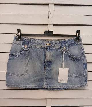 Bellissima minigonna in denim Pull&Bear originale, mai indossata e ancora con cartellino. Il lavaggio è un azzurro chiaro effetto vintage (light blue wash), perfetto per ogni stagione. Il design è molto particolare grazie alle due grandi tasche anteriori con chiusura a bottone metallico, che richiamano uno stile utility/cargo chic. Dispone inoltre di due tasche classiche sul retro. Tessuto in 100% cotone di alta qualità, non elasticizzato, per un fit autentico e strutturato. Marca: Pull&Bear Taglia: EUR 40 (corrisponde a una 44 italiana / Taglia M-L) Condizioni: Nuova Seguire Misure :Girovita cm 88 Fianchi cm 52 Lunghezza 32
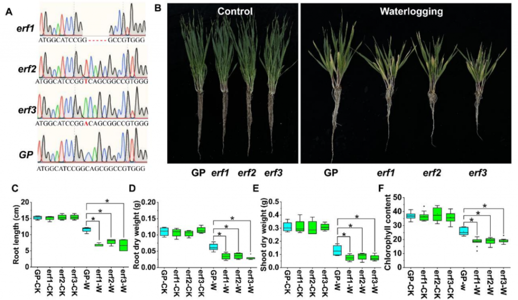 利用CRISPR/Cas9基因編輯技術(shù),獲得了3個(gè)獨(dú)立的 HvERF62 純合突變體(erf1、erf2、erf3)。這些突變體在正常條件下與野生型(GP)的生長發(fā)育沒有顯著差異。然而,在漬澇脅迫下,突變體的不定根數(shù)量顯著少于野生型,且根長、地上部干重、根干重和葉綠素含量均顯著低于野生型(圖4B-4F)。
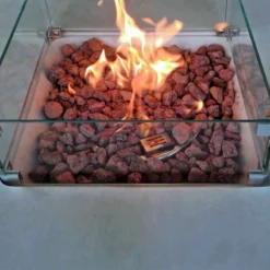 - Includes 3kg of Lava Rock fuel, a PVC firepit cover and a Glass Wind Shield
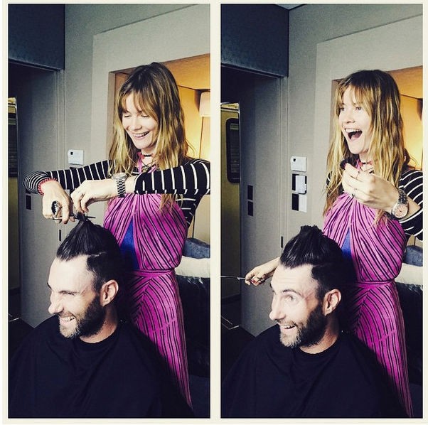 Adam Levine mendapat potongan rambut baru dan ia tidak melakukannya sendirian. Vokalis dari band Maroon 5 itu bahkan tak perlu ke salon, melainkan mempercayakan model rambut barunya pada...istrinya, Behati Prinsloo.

▸ What the task requires:
Starting with the line that holds "- Includes 3kg", repeat exactly every line through the end of the material above, both ends included, without the pictures.

▸ Problem solution:
 - Includes 3kg of Lava Rock fuel, a PVC firepit cover and a Glass Wind Shield
 Adam Levine mendapat potongan rambut baru dan ia tidak melakukannya sendirian. Vokalis dari band Maroon 5 itu bahkan tak perlu ke salon, melainkan mempercayakan model rambut barunya pada...istrinya, Behati Prinsloo.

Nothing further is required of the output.